If desired the method of FIG. 11 may include tests of the core
sample's electrical and/or thermal properties at step 643.
Electrical property tests may include determining the dielectric
constant at one or more frequencies. Thermal property tests may
include tests for thermal diffusivity, e.g. hot wire tests as
disclosed therein.
Referring now to step 653, one or more of the electrical properties
measured at step 643, the thermal properties measured at step 643,
and the fluid properties (e.g. viscosity as a function of
temperature) measured at step 650, may be used in a formation model
for determining if the fluid may be recovered by a heating process.
In particular, the energy, the time or the power required for
mobilizing the oil in a given volume of formation may be estimated.
Temperature profiles in the formation may further be estimated and
the maximum temperature may be compared to the temperature at which
irreversible change may occur in the formation fluid (e.g. oil
cracking). Thus, the viability of large scale production scheme or
the feasibility of a conventional sampling assisted with heat
delivered to the formation may be estimated. In particular, it may
be determined if the tool assembly command enough power for
mobilizing a sufficient volume of hydrocarbon. Also, it may be
determined if the heating process may lead to sampled hydrocarbon
whose chemical composition is not representative of the hydrocarbon
in the reservoir, e.g. if thermal cracking has occurred prior to
sampling. At step 663, a sampling operation determined at least in
part from the analysis of the recovery process detailed above may
be performed with tools conveyed in the same tool assembly as the
coring tool or otherwise.
If desired the method of FIG. 11 may include preserving the core at
step 646. Preserving the core may be achieved with refrigerating
the core, sealing the core or a combination of sealing and
refrigerating. Other preservation methods may be used in addition
to the preservation methods described above. For example, a buffer
fluid may be provided between the core and the core holder, usually
prior to sealing the core holder.
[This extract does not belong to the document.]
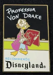 Professor von Drake Recommends Disneyland is an Open Edition pin from the Retro Disneyland Postcards pin series. It was originally released on , 2007 and was available from Disneyland Resort .
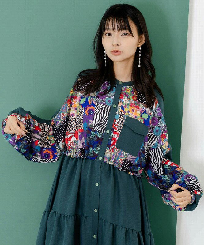 ★新作★【ScoLar スカラー】153679 総柄ワッシャーティアードシャツワンピース カジュアル レトロ 原宿系 個性的【パッパドゥドゥ】

Examples of buffer fluids include
gels, cements, and polymers. Thus, the reservoir fluids trapped in
the pores of the cores at the time the core was formed may remain
in the core as the core is brought back to the earth surface.
At step 656, the cores are brought to the earth surface. In some
cases, temperature sensors are used to monitor a temperature in
storage sections of the tool assembly and may sense the temperature
of the core or the fluid samples. The temperature may be used for
controlling the heat pump and/or the refrigerant fluid pump
conveyed in the tool assembly, for example to achieve a desired
temperature as the samples are retrieved from the wellbore.
At step 666, the core and/or the fluid disposed therein may be
analysed to determine one or more properties of the formation
and/or the formation fluid.
In any case, if more samples are desired, the assembly is moved to
another depth and the process repeats for another zone of potential
interest. At some point all of the desired samples will have been
obtained. After all of the samples have been obtained, the assembly
will be brought up to the surface. Captured fluids and/or cores may
be analyzed at the well site, or packaged, preserved, and
transported to a laboratory for other analysis. An analysis report
or log may be provided, including a wellbore identification, the
depth at which the samples were captured and corresponding physical
properties of the samples measured downhole and/or uphole.
There have been described and illustrated herein several
embodiments of methods and apparatus for obtaining representative
downhole samples of heavy oil and/or bitumen. While particular
embodiments of the invention have been described, it is not
intended that the invention be limited thereto, as it is intended
that the invention be as broad in scope as the art will allow and
that the specification be read likewise. It will therefore be
appreciated by those skilled in the art that yet other
modifications could be made to the provided invention without
deviating from its spirit and scope as claimed.